Chris Edwards, the author of the report, told Watchdog.org that to get an “A” grade, governors should pursue tax reforms, restrain budget growth, and limit government. Conversely, the governors who got an “F” increased government spending and taxes.
“Restraining should not be that difficult. The best governors did not slash spending. They restrained spending,” Edwards said, “The average change [among the “A” governors] in per capita spending was three percent. Only two governors cut spending. Indiana restrained spending growth to two percent. There is no reason to increase taxes. As the economy grows, revenues will go up. If education [spending] is important, find spending cuts elsewhere.”

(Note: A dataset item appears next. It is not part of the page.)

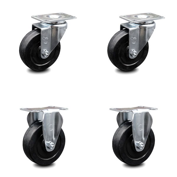 Listing is for a a set of four (4) Service Caster Series #20 casters, two (2) swivel and two (2) rigid casters, with 4" diameter by 1-1/4" wide soft rubber wheels capable of supporting a total weight of 800 lbs. (200 lbs./caster).When searching for a reliable and durable solution to your caster needs, consider Service Caster’s Series 20 soft rubber casters. The Service Caster Series #20 is ideal for light and medium duty material handling, carts, equipment, and shop projects. The zinc plated finish provides durability under any condition. The soft rubber wheels- resistant to most chemicals and oils- combine a soft tread on a hard rubber core, offering quiet movement and a cushioned ride. Mounting options include top plate, bolt hole and standard and metric threaded stem sizes. Service Caster is unsurpassed in quality, reliability, and excellent customer service. Count on us to move you forward.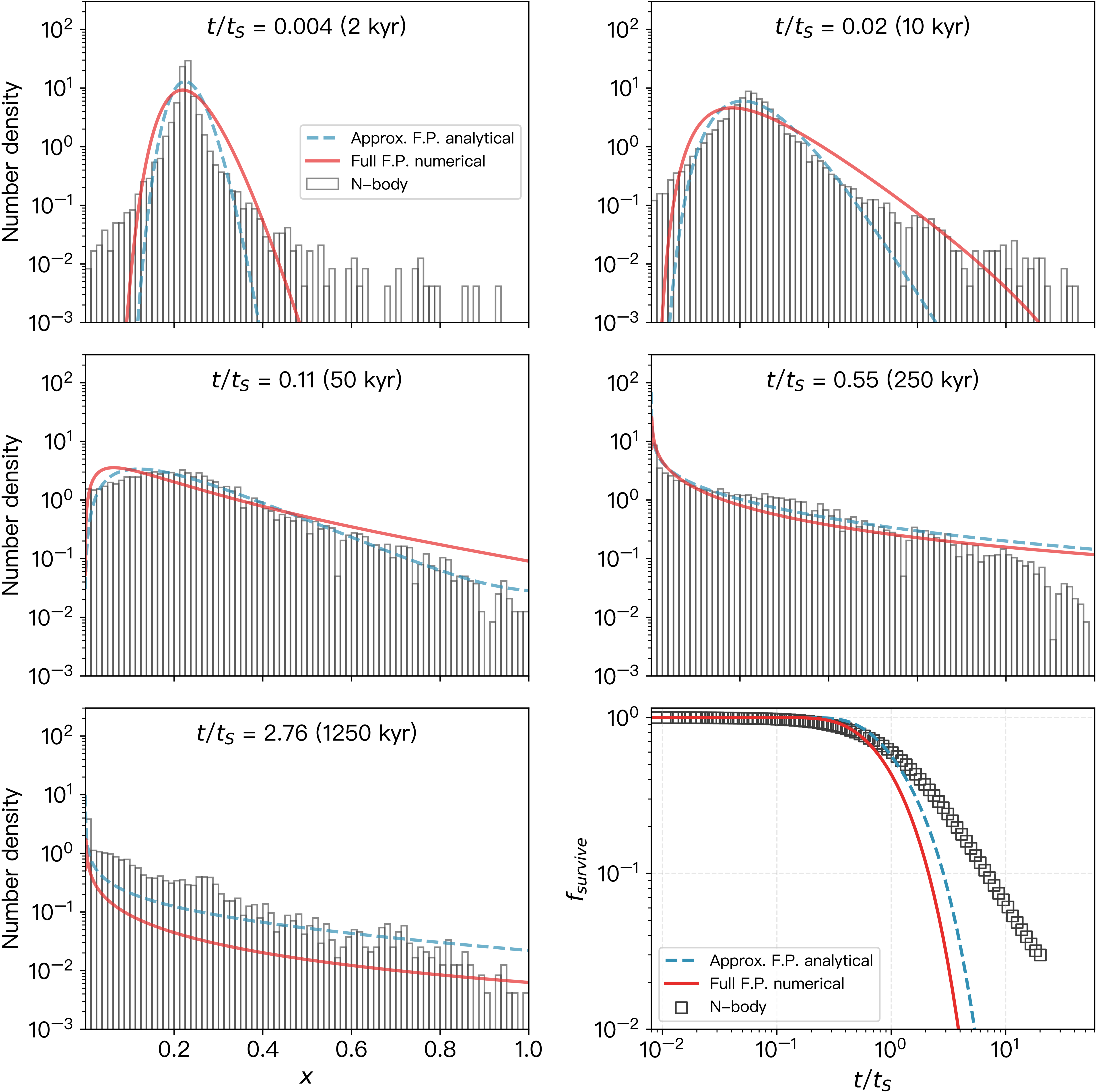 Comparison of the particle energy distribution (x) at various times predicted by the Fokker–Planck equation (solid and dashed curves) and by direct numerical integrations (bar histograms). The blue curves show the analytical solution of the linearized (approximate) Fokker–Planck equation (Equation (49)), while the red curves correspond to the numerical solution of the full Fokker–Planck equation (Equation (46)). Particles are initialized with ﹩{{ \mathcal A }}_{0}=2.49﹩, e0 = 0.634, and i0 = 15﹩\mathop{.}\limits^{\unicode{x000b0}}﹩8, corresponding to U∞ = 0.5 or ﹩{ \mathcal T }=2.75﹩. The planet has mass Mp = 1 × 10−4 at ap = 1 au, and its scattering timescale tS = 450 kyr is computed using Equation (58). The final panel shows the surviving fraction fsurvive as a function of time, with the blue dashed curve given by Equation (51).

According to the report, California’s general fund has increased 15.7 percent from 2015 to 2016 and will increase 5 percent in 2017. One example of the Golden State’s runaway spending: the $68 billion high speed rail system, which was sold to California taxpayers at a cost of $33 billion which needed a $9.95 billion bond from California taxpayers and $3.2 billion from tax-payers across the United States with private investors chipping in the rest. Surprisingly, or perhaps unsurprisingly to some, the private investors have been suspiciously absent.
Edwards points out that California’s situation is worse because the state’s budget relies heavily on the top 1 percent of earners for half of the funds, a situation that even Gov. Jerry Brown knows is problematic.
“We are taxing the highest income earners, and as you know, 1 percent of the richest people pay almost half of the income tax… That’s fair, but it also creates this volatility. So in order to manage this budget, it’s like riding a tiger.”
Edwards noted that a bust or recession is likely to occur in the near future which will leave California’s budget in bad shape. He suggested that California and states in a similar situation not only restrain the budget but move away from their heavy reliance on income tax. He went on to suggest that raising the sales tax would be a good way to create a more stable budget.
But taxes and spending are not the only budgetary problems for states. The report also covers debt as well as unfunded pension and healthcare liabilities.
“The level of pension liabilities varies widely, Edwards said. “The highest liabilities are in New Jersey, Illinois, Alaska, Kentucky and Connecticut.”
Connecticut and New Jersey are the worst, as they are pushing costs off onto future generations instead of using a pay as you go model. According to Edwards, there is a political inventive to spend money or promise to spend money on certain special interests but worry about where to get the money later.
“Government unions lobby for higher pensions or greater healthcare coverage and push the costs off onto the future generations,” he added.
Edwards pointed out that Wyoming and Idaho do not issue debt through bonds to finance infrastructure. Edwards thinks that this is the model that states should follow.
He also noted that the idea in the media that Republicans are “slashing and burning” budgets is untrue since only two governors have actually cut spending. Some GOP governors have even dramatically increased it.
“Nikki Haley’s budget that has gone up 38 percent. Three of the ten “F” [grades] were Republican governors.” He went on to say that Nevada was the worst as it had the biggest increases in state history. Brian Sandoval, the Republican governor of Nevada, promised that he would not increase taxes, and yet, he even imposed a broad-based commerce tax.